The Jovian moon Europa and the Saturnine moons Enceladus and Titan could then go through changes that would make them habitable for life as we know it. Who is to say that the same thing has not yet happened in other solar systems as well?

The Hunt for Exomoons group is dedicated to finding such potential locations. These experts are a part of the science team interpreting the data sent back by the NASA Kepler Telescope. This observatory was developed specifically for finding Earth-like worlds around distant stars.

Back in February 2010, the dataset Kepler produced featured 37 Neptune-class and 10 Jupiter-class exoplanetary candidates that were located in their star's habitable zone. Obviously, liquid water cannot exist on gas giants, but the same is not true for their moons, Space reports.

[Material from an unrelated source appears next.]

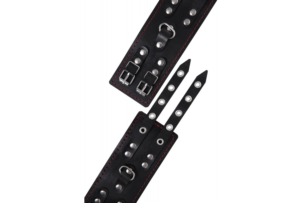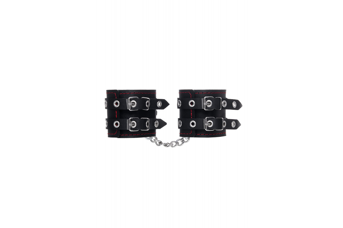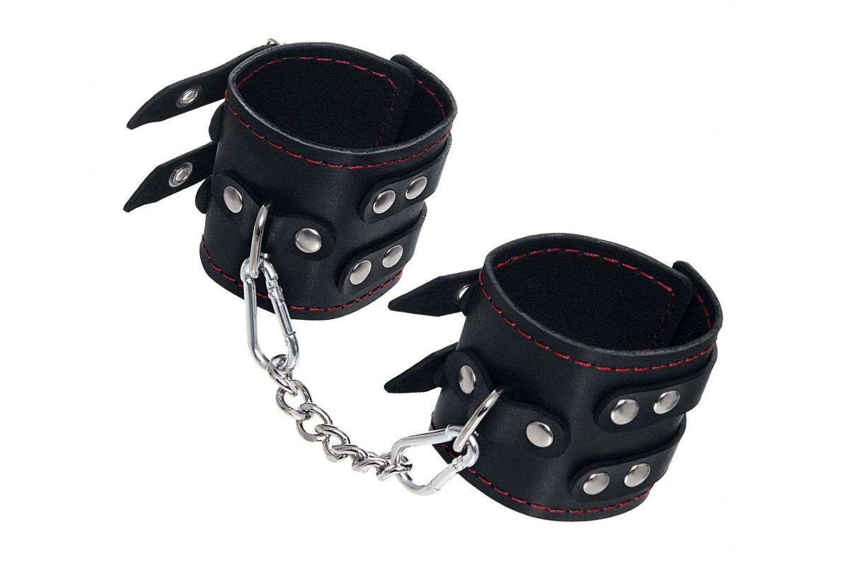 Черные кожаные наручники с двумя ремнями и контрастной строчкой — стильное и надежное решение для ваших интимных игр

Harvard-Smithsonian Center for Astrophysics (CfA) astronomer David Kipping, a member of the Kepler team, says that moons located around these worlds would tick “all the boxes for our wish list of habitable conditions.”

The expert selected a computer model that allows researchers to tease out the light signature of exomoons orbiting exoplanets that pass in front of their parent stars, in Kepler's field of view.

One thing experts need to be on the lookout for is not confusing exomoons with sunspots. At such great distances as Kepler is from its targets, that could very easily happen. “A starspot could look very similar,” Kipping explains.

Several research teams are currently developing their own models of teasing out exomoons in orbit around distant planets. “Everyone is finding their own approach to solving the problem, and I think they're really very complementary,” the CfA astronomer concludes.